In fact, it seems like outrage about Reddit is currently driving the majority of engagement on Lemmy so far, even though it's been three weeks since the API protests. Just look at all of the most upvoted posts here. Discussions about how bad Reddit is currently and how Lemmy/fediverse will save everything and make everything good. On social media, moderation is still extremely important, and from the snark and trolling I've seen here and there, I hope the mod team doesn't fall behind and I hope that the Lemmy developers create better mod tools, because if Lemmy does blow up, expect bots to show up. Expect propaganda. Expect automated trolling. All this shit hit Reddit as it got more popular.
Exactly. I honestly don't care about reddit anymore. It's frustrating opening my feed here and having a large portion of the posts and comments complain about reddit. Like who cares? I think we can all agree that we don't like the route reddit too which is why we're here. Complaining about it more isn't going to do anything.
Eh , its probably just temporary. People just had apps they've used for 10 years yanked away and it's jaring how it all went down. Of course people are going to want to talk about it.
I think a lot of it is just Schadenfreude. A lot of people sunk a lot of time into Reddit and felt betrayed when this happened. The fact that they (and I'm including myself in this) migrated here to begin with was a huge change/step for them. So it's only natural that many aren't going to be able to simply just "walk away" and never think or talk about it again. It's still fresh in people's minds and the people who it affected the most need that feeling of vindication whenever Reddit does something to screw itself up even further.
All of that to say, I get where you're coming from, but it's not going to be forever. Once everyone has had a chance to blow off their steam we will see things start to normalize again. At least until Reddit finally collapses at which point that will probably be the talk of most social media platforms for some time.
To be fair, all ex-pats aside, the complete collapse of reddit would be almost inarguably noteworthy in and of itself, and I would expect there to be pretty extensive discussion of it no matter what.
The tech established and designs an interaction and presentation system humans interact with.
Human behavior may be the problem, but it's embedded in and influenced by the environment and systematic influences.
A simple voting without differentiation will always lead to people voting as agree rather than contribution worth or quality.

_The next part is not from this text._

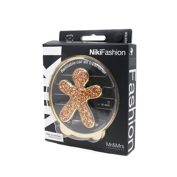 Dišavo Niki vzamete iz pakirane folije in na kromiran (nezamenljiv del) pritrdite EVA polnilo, ki je pakirano v vrečk. S pomočjo univerzelne sponke, ki se nahaja na hrbtni strani Nikija dišavo pritrdite v zračnik avtomobila (tako vertikalno kot horizontalno). Brezalkoholno Eva polnilo lahko zamenjate z enim od številnih različni vonjev polnil, ki jih najdete na povezavi.

It's designed as a mingled mixed concern.
Thanks. Somehow people are basking in the glow of potentially having found a solution to centralized social media. But here's the thing: someone has to pay for it, and someone has to moderate it.
Many Mastodon instances couldn't handle the increased load of sign-ups when Twitter crashed or malfunctioned. I see a lot of smaller Lemmy instances begging for money already even though those places aren't host to as much content as Lemmy.world does.
We need to be aware of the limitations of the fediverse too. No, it will not solve hate on the Internet because the people who self-select to be here are somehow virtuous and above the "average Redditor". You still need money and good moderation.
If i had to guess then maybe a bunch of instances could solve that with ads and selling big data (info of the users). Not that we would whant that but its the most sthealty way to do that.
Lol people have had debates about that on Mastodon for ages. The consensus is that most people are unwilling to donate anything or see ads on the instances they use. They expect hosts to keep the instance up out of the goodness of their own hearts, and many instances have shut down over the years because hosting was no longer economically sustainable for their owners even as those owners begged for donations.
Most users (especially those who just consume free software/fediverse services and contribute little else) want something to be both free and good. That means subsidized by the owner because they believe in the cause and good because of the lack of monetization.